DATASET CONTENT:
+-------+

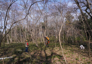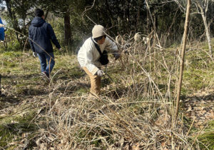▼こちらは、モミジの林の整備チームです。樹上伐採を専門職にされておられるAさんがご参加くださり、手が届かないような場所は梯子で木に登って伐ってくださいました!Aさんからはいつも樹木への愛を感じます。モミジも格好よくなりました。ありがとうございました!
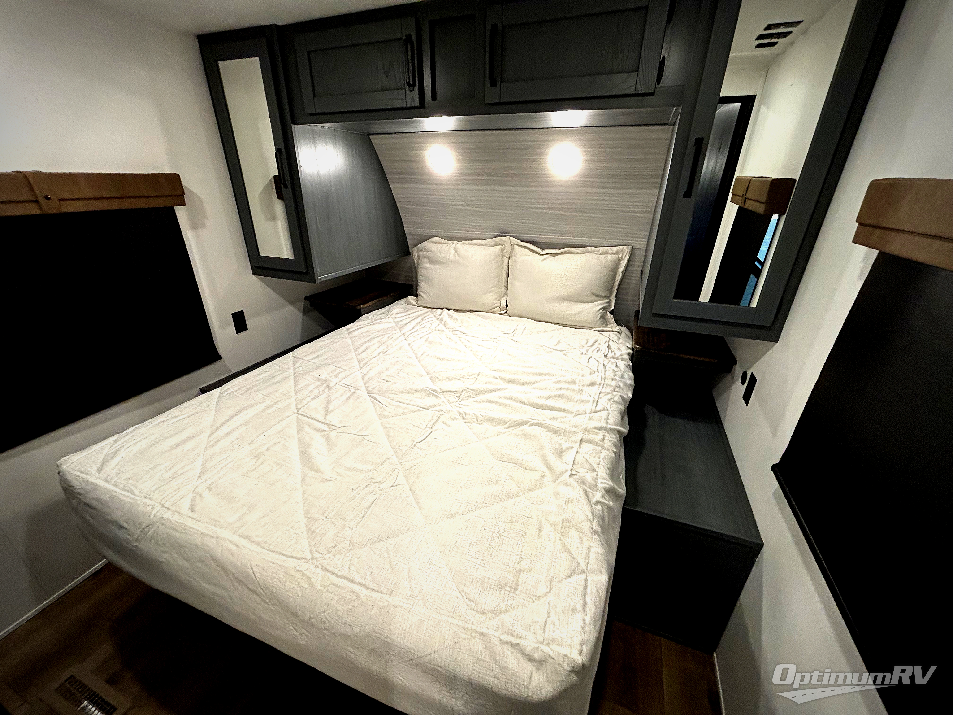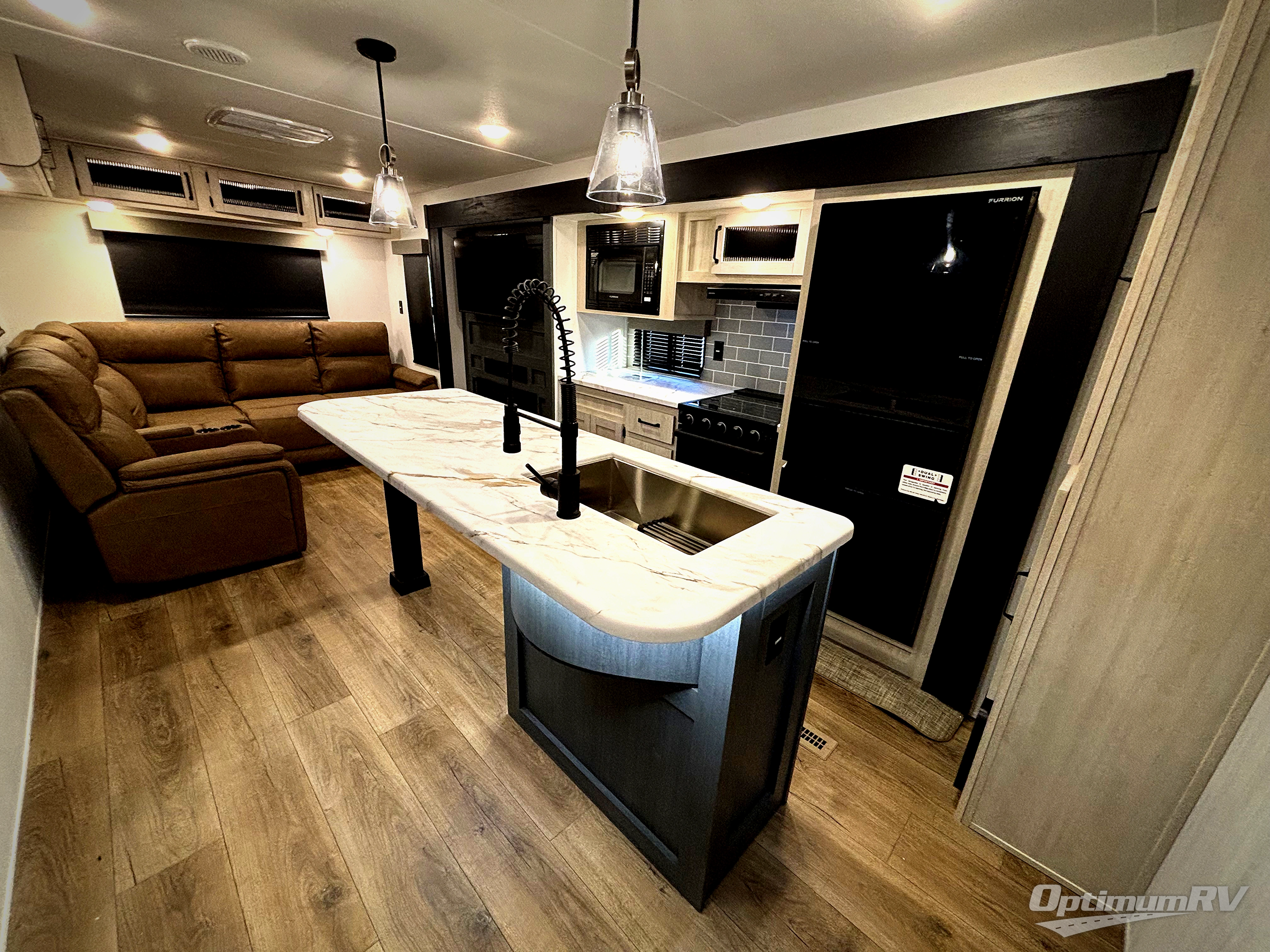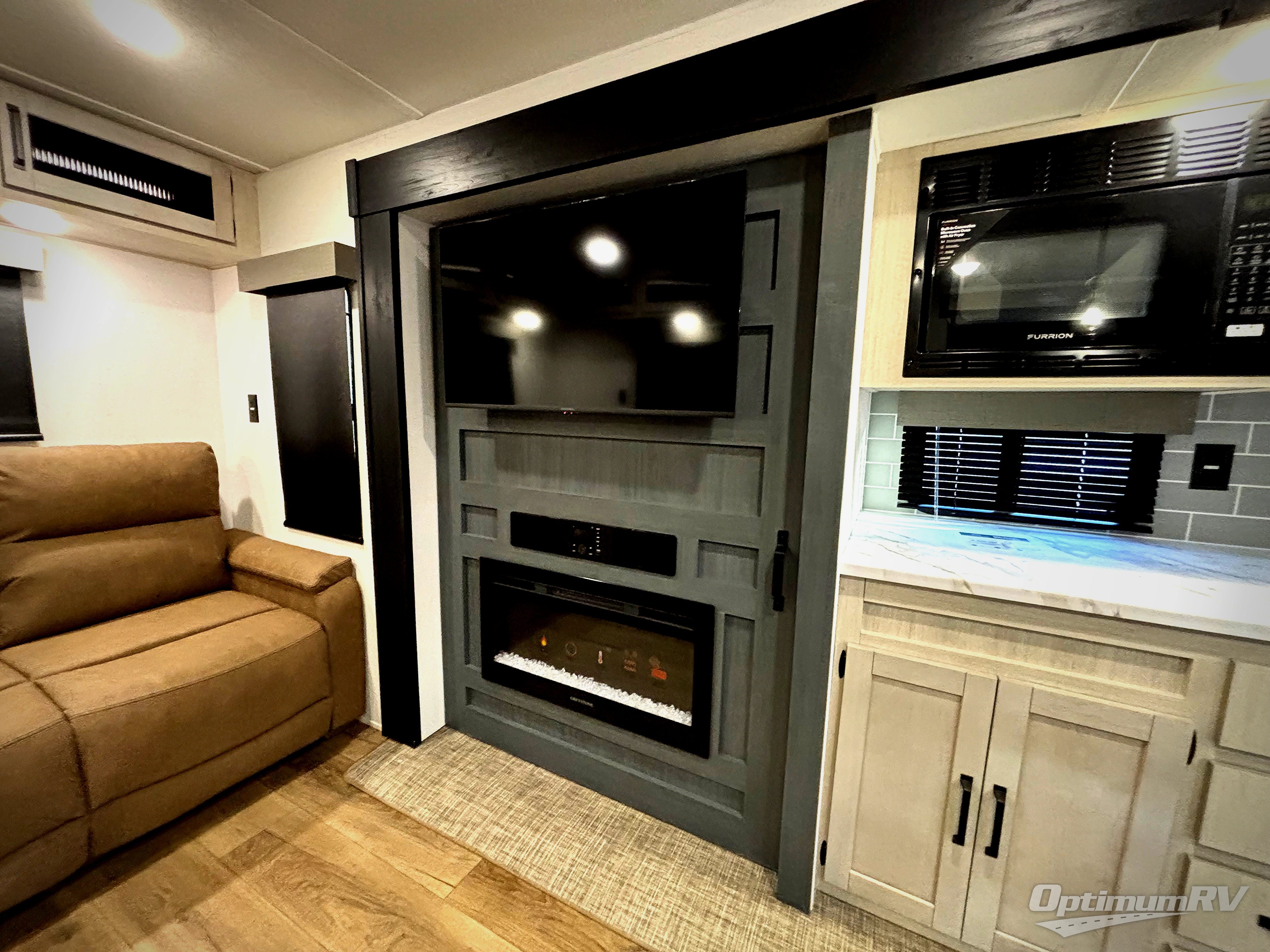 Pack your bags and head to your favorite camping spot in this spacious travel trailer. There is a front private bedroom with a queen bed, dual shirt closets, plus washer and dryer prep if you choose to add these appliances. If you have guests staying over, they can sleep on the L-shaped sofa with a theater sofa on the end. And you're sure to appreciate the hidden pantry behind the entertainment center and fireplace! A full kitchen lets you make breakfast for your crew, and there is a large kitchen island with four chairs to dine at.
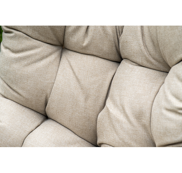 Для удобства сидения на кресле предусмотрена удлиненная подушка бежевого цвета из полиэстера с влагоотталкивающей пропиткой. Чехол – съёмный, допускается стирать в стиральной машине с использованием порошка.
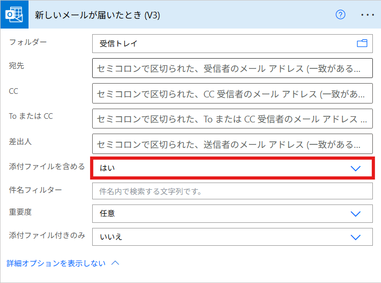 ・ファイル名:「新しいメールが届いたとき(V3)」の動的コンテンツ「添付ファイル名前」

+-------+

TASK DIRECTIONS:
Could you please return each line of the material exactly, dropping the pictures?

EXERCISE SOLUTION:
▼こちらは、モミジの林の整備チームです。樹上伐採を専門職にされておられるAさんがご参加くださり、手が届かないような場所は梯子で木に登って伐ってくださいました!Aさんからはいつも樹木への愛を感じます。モミジも格好よくなりました。ありがとうございました!
 Pack your bags and head to your favorite camping spot in this spacious travel trailer. There is a front private bedroom with a queen bed, dual shirt closets, plus washer and dryer prep if you choose to add these appliances. If you have guests staying over, they can sleep on the L-shaped sofa with a theater sofa on the end. And you're sure to appreciate the hidden pantry behind the entertainment center and fireplace! A full kitchen lets you make breakfast for your crew, and there is a large kitchen island with four chairs to dine at.
 Для удобства сидения на кресле предусмотрена удлиненная подушка бежевого цвета из полиэстера с влагоотталкивающей пропиткой. Чехол – съёмный, допускается стирать в стиральной машине с использованием порошка.
 ・ファイル名:「新しいメールが届いたとき(V3)」の動的コンテンツ「添付ファイル名前」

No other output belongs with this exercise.